▶ [ASSIGNMENT]: Lines before the one containing "With an Favikon" are excluded; retype that line and all remaining lines of the material exactly.
________________________________________
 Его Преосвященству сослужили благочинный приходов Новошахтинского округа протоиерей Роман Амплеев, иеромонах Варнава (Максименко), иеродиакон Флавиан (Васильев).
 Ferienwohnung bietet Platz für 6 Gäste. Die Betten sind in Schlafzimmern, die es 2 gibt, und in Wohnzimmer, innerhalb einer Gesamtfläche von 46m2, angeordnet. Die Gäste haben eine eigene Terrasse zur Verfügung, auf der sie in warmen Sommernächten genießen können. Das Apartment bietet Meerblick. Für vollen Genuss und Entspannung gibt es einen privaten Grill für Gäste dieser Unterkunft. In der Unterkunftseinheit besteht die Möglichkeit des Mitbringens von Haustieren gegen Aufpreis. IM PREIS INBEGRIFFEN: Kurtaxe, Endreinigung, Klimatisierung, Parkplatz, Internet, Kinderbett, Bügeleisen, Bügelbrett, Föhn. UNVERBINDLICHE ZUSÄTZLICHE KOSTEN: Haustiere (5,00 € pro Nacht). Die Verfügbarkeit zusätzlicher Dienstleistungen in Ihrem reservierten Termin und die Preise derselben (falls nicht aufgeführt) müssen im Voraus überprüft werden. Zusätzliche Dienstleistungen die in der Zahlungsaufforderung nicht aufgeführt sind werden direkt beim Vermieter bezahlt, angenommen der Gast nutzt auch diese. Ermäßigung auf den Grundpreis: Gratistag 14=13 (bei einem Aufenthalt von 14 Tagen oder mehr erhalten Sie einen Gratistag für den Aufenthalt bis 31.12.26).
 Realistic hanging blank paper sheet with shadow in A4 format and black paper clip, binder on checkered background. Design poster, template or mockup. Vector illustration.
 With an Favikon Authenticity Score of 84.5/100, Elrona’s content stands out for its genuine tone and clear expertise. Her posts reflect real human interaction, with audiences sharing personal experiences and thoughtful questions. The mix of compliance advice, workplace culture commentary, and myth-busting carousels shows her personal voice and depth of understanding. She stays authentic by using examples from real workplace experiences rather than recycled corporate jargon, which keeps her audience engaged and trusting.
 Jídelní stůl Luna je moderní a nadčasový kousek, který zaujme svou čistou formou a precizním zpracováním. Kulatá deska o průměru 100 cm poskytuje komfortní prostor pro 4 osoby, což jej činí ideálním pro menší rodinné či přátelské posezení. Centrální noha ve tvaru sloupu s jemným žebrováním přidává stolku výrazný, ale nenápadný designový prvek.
________________________________________
▶ [EXERCISE SOLUTION]:
 With an Favikon Authenticity Score of 84.5/100, Elrona’s content stands out for its genuine tone and clear expertise. Her posts reflect real human interaction, with audiences sharing personal experiences and thoughtful questions. The mix of compliance advice, workplace culture commentary, and myth-busting carousels shows her personal voice and depth of understanding. She stays authentic by using examples from real workplace experiences rather than recycled corporate jargon, which keeps her audience engaged and trusting.
 Jídelní stůl Luna je moderní a nadčasový kousek, který zaujme svou čistou formou a precizním zpracováním. Kulatá deska o průměru 100 cm poskytuje komfortní prostor pro 4 osoby, což jej činí ideálním pro menší rodinné či přátelské posezení. Centrální noha ve tvaru sloupu s jemným žebrováním přidává stolku výrazný, ale nenápadný designový prvek.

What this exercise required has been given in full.